Leave out all pictures while repeating the records exactly and completely.

Source records:
........

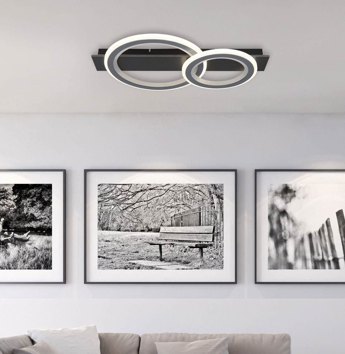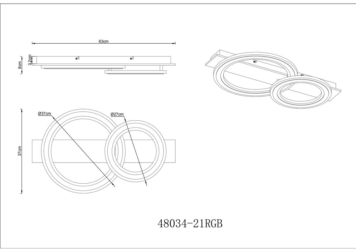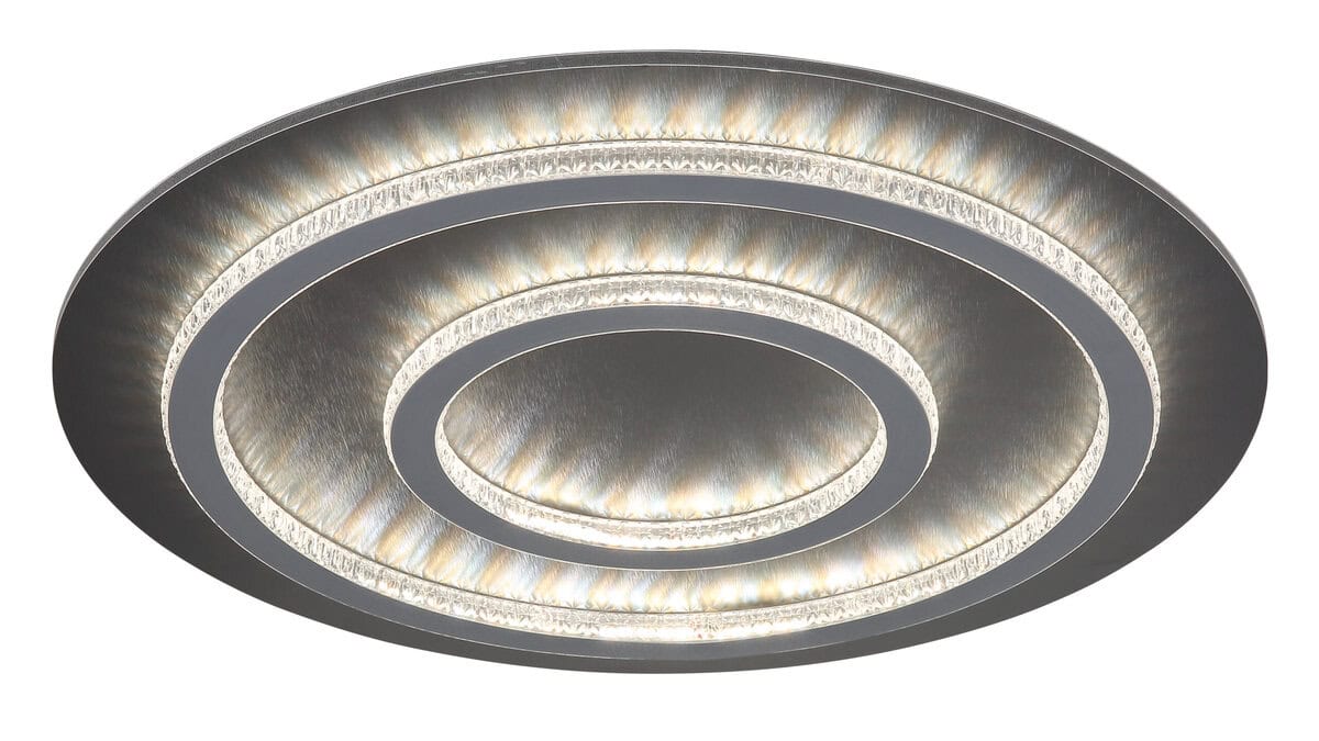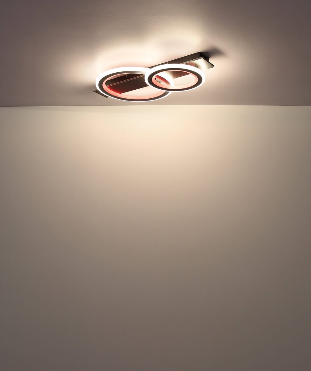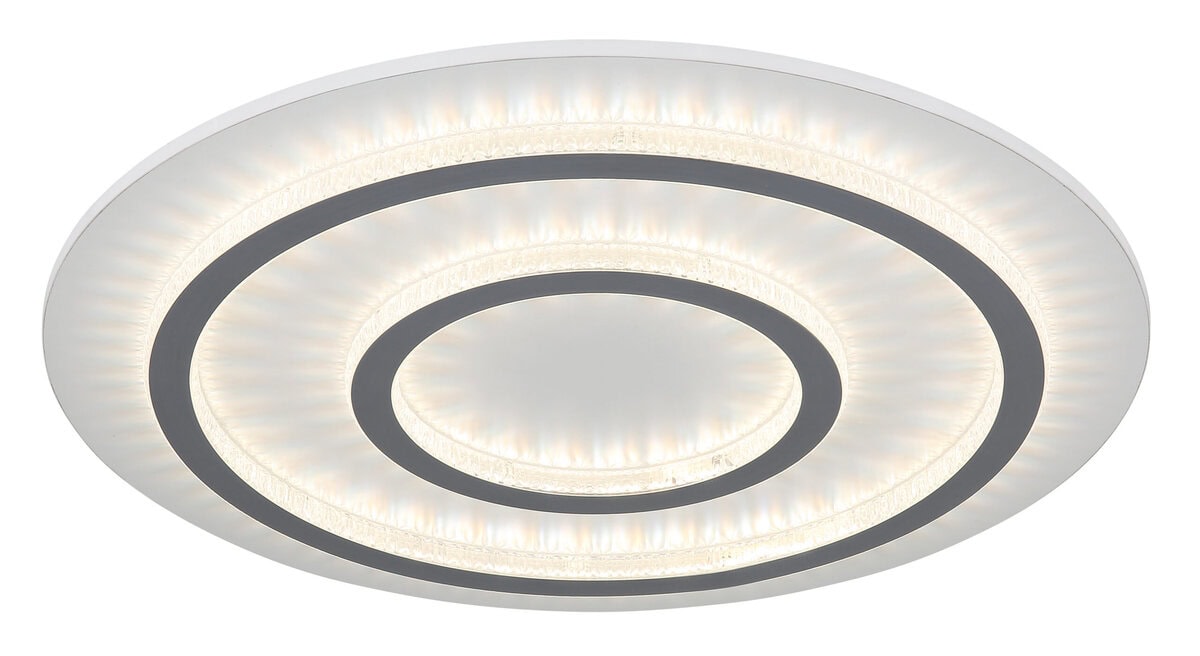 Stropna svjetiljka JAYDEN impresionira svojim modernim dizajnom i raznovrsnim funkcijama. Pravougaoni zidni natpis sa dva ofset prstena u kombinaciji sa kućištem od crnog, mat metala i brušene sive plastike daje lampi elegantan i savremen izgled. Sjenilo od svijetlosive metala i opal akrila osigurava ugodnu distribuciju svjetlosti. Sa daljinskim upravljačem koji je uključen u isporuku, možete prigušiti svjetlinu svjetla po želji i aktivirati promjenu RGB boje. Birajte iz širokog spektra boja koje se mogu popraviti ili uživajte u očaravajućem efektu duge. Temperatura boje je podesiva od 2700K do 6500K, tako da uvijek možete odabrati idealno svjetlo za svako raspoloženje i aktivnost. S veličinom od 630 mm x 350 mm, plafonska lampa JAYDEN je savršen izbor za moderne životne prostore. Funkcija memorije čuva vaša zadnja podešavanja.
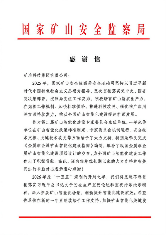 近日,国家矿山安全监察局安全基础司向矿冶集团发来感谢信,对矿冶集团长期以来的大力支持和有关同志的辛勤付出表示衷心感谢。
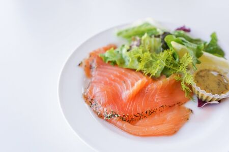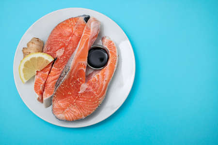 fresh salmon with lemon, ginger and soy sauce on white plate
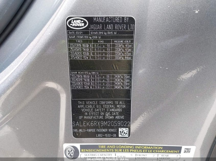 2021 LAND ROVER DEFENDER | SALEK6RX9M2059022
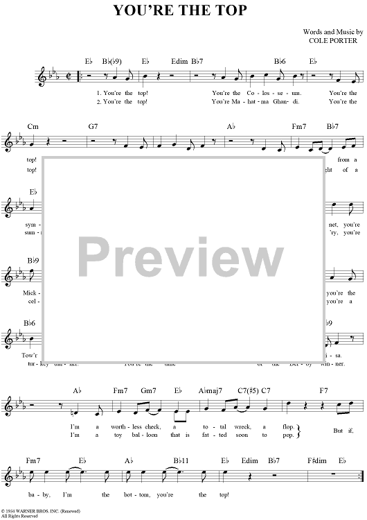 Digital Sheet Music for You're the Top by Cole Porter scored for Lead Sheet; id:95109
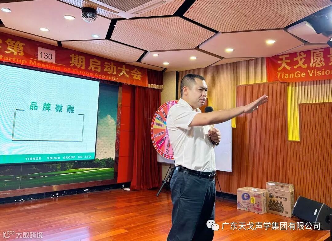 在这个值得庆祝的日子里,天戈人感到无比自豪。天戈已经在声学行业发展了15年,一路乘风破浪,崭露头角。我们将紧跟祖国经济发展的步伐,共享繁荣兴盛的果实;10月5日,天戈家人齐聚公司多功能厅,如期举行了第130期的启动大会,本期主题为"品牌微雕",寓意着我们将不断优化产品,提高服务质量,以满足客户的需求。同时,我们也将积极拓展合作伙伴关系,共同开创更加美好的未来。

........

> Result of the exercise
 Stropna svjetiljka JAYDEN impresionira svojim modernim dizajnom i raznovrsnim funkcijama. Pravougaoni zidni natpis sa dva ofset prstena u kombinaciji sa kućištem od crnog, mat metala i brušene sive plastike daje lampi elegantan i savremen izgled. Sjenilo od svijetlosive metala i opal akrila osigurava ugodnu distribuciju svjetlosti. Sa daljinskim upravljačem koji je uključen u isporuku, možete prigušiti svjetlinu svjetla po želji i aktivirati promjenu RGB boje. Birajte iz širokog spektra boja koje se mogu popraviti ili uživajte u očaravajućem efektu duge. Temperatura boje je podesiva od 2700K do 6500K, tako da uvijek možete odabrati idealno svjetlo za svako raspoloženje i aktivnost. S veličinom od 630 mm x 350 mm, plafonska lampa JAYDEN je savršen izbor za moderne životne prostore. Funkcija memorije čuva vaša zadnja podešavanja.
 近日,国家矿山安全监察局安全基础司向矿冶集团发来感谢信,对矿冶集团长期以来的大力支持和有关同志的辛勤付出表示衷心感谢。
 fresh salmon with lemon, ginger and soy sauce on white plate
 2021 LAND ROVER DEFENDER | SALEK6RX9M2059022
 Digital Sheet Music for You're the Top by Cole Porter scored for Lead Sheet; id:95109
 在这个值得庆祝的日子里,天戈人感到无比自豪。天戈已经在声学行业发展了15年,一路乘风破浪,崭露头角。我们将紧跟祖国经济发展的步伐,共享繁荣兴盛的果实;10月5日,天戈家人齐聚公司多功能厅,如期举行了第130期的启动大会,本期主题为"品牌微雕",寓意着我们将不断优化产品,提高服务质量,以满足客户的需求。同时,我们也将积极拓展合作伙伴关系,共同开创更加美好的未来。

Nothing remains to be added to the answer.